Seriously guys. I want to talk to you about dessert. And everything sweet. You see, a while back I gave up sugar. It was an experiment as guided by Sarah Wilson’s “I Quit Sugar” book. It was a great experiment, because I saw how addicted I truly am to sugar, and the effects that it has on me (fatigue, bloat, extreme changes in blood sugar, crankiness, etc.).
Before this experiment, I was eating small doses of sugar in large quantities every day to quell my sweet tooth, which in reality, was perpetuating my sweet cravings. I was actually eating MORE sugar than what would be in one serving of a real dessert.

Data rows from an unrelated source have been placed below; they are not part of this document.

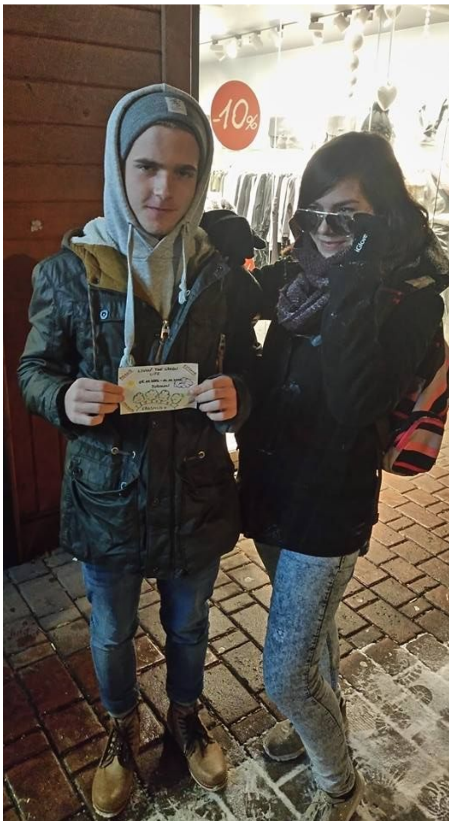
Project "Livin' The Green Life!" number 2016-2-PL01-KA105-026944 co-funded by the Erasmus+ programme of the European Union
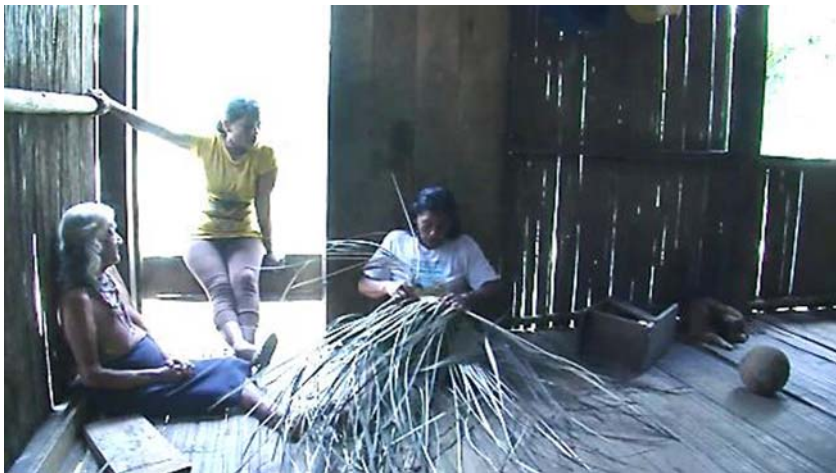
IMAGE 5 'baskets?', speaker B on the right initiates repair on A, in the center; B is occupied with weaving a basket and does not display or hold any relevant bodily behavior as A confirms: "yes".

((B is making a basket and does not look up))
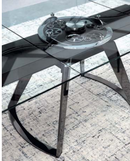
Clockwork mechanism with visible gears remote control and integrated battery.
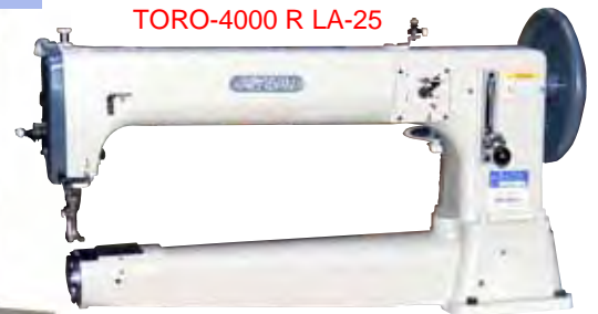
TORO-4000 R LA-25
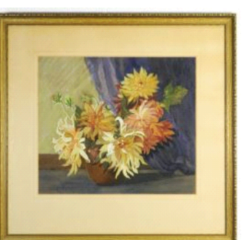
Lot # 113 113 Watercolour signed Isabell Hobbs, 17" x 21 1/2", "Flowers in a Bowl". $100 - $150
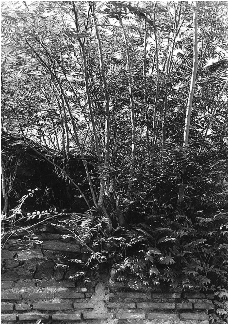
Fig. 4. Ailanthus altissima grows abundantly on the Byzantine Walls of Thessaloniki.
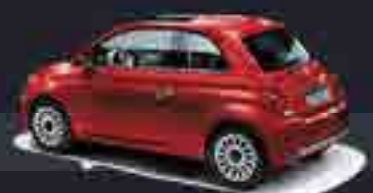
111 Passione Red
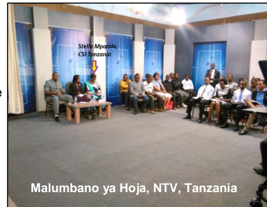
Malumbano ya Hoja, NTV, Tanzania

The ultimate goal is to have more political will and resources directed towards better health services and information for all, especially at the community level.
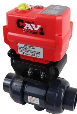
Type-21/21a Ball Valves Sizes: 1/2" - 2"
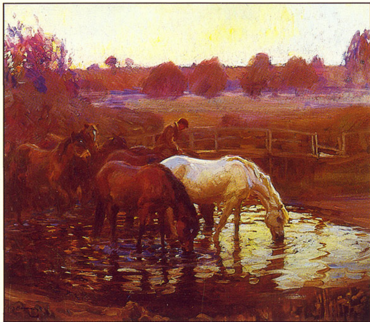
Sir Alfred Munnings, P.P.R.A. 1878 - 1959
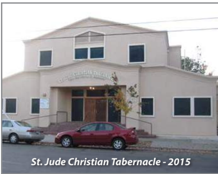
St. Jude Christian Tabernacle - 2015

Our Homecoming weekend was something to remember. It brought back many memories and it was inspiring. On Friday night, the weekend kick off was at the location of the old Capitol City SDA Church, now the home of the St. Jude Christian Tabernacle, located at 2828 33rd Street. It was an exciting time. Many of our members was in attendance who was part of the 33rd Street church. We had members who came from afar just to be part of this spectacular event. We even had a family who drove all the way from the State of Oregon just to help us celebrate Homecoming. He lit up the 33rd street church with his excitement while sharing his memories.
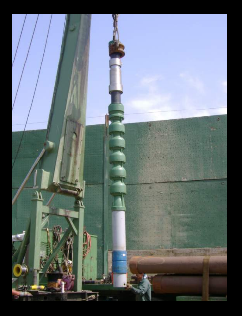
Installation of down hole flow control valve
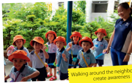
Walking around the neighborhood to create awareness
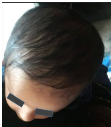
Figure 1: Showing macrocephaly

Anterior fontanel was open 1 × 1 cm and full. Examination findings were consistent with upper motor neuron lesion. Rest of the examination was unremarkable.
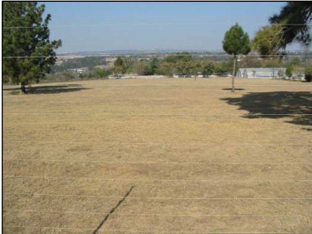
Figure 1: General Site Conditions

No heritage significant sites could be located within the study area. The grass within the study area has been cut and therefore ground visibility is high. The proposed school is located in close proximity to the intersection of Amazon and Lawerance Street at Coordinates S 26°00'07.08232" E 27°56'30.90520" .
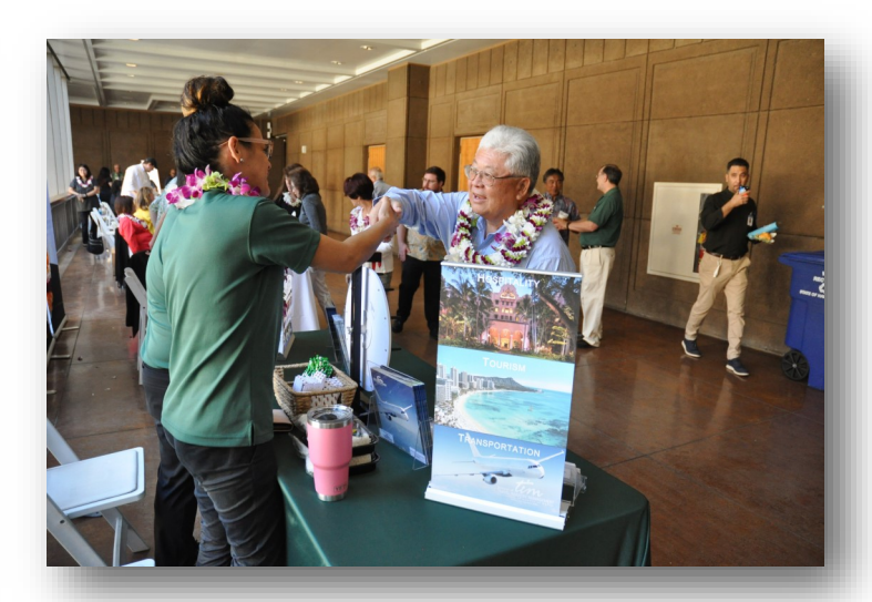
The annual Tourism Day at the Capitol had over 50 vendors from different avenues of tourism. They ranged from numerous hotels, tour companies, local products vendors and tourism associations across the Islands. As the Chair of the Tourism Committee it allows me to get involved with all these different groups to help tourism continue to flourish through out the state.
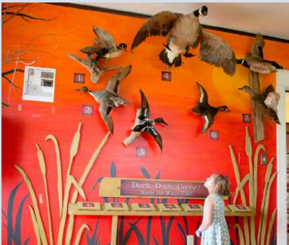
Miller Outdoor Educational Center
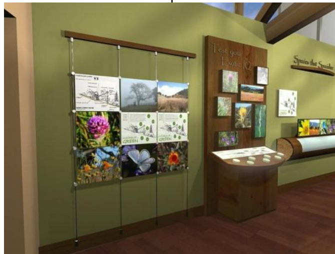
Rendering of the proposed Education Center

Most of you reading this have contributed toward the funding of the Education Center, and once again, I wish to thank you for your generous support. I hope to see you at the groundbreaking ceremony, and look forward with great anticipation to the grand opening in 2010. 📷
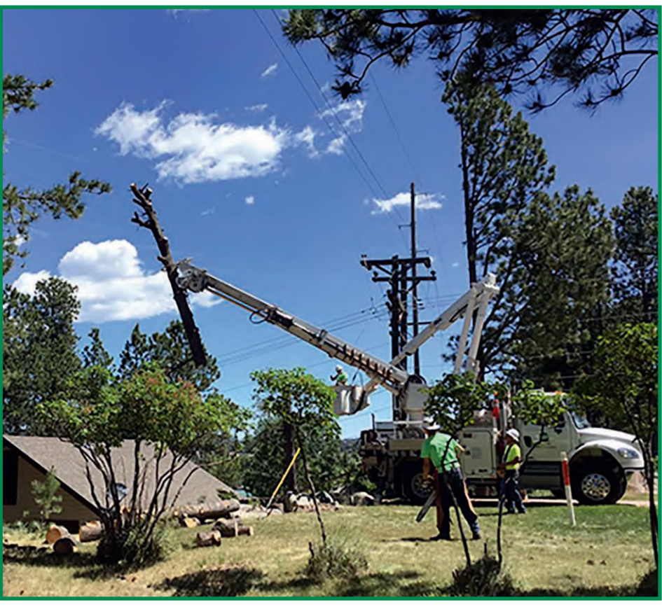
After using a bucket truck to limb this tree, BHEC's crews used a digger truck to carefully lift part of the trunk over the homeowner's roof. BHEC's rights-of-way program has helped reduce outages caused by trees that are in danger of making contact with the lines. Please contact the co-op if you see a danger tree.

Some days I’d eat 80-90 g of sugar, which is at least twice what I probably should be eating (Sarah Wilson recommends 20 g or less). Now, even on days that I have a good dessert, it’s more like 30-40 g. My body is liking this change. I don’t feel like I have a hangover every day any more. And I’m not hangry after workouts (which Mark appreciates since he makes dinner).
After my experiment, I decided I’m not quitting sugar altogether. Though, Sarah and a few others make a great case for quitting sugar completely. Even though I’m not quitting, I am most definitely not consuming sugar in the obscene amount that I was having daily before this experiment. I’m not eating foods with added sugar (anything with cane sugar, evaporated cane juice, the word “syrup”, molasses, honey, agave, etc.) except dessert. So you bet that when I get dessert, it’s going to be full-on full-fat, full sugar, no-holds-barred.
This is a philosophy I hope everybody can embrace.
Just think — would you rather have one piece of the world’s most perfect cheesecake (or insert your favorite dessert here) once every once in a while, or have a piece of some half-assed low-fat faux diet fake-out dessert once a day?
I think you know the answer to that question.
Restaurants: When I order dessert, it damn well be as described on the menu. If it’s fried, I want grease. If it’s chocolate, I want it oozing. Don’t skimp on the sweet stuff because I’m holding off for that perfect piece of pie.
Would you rather eat one piece of not-so-satisfying dessert a day than have the most delectable dessert once a week?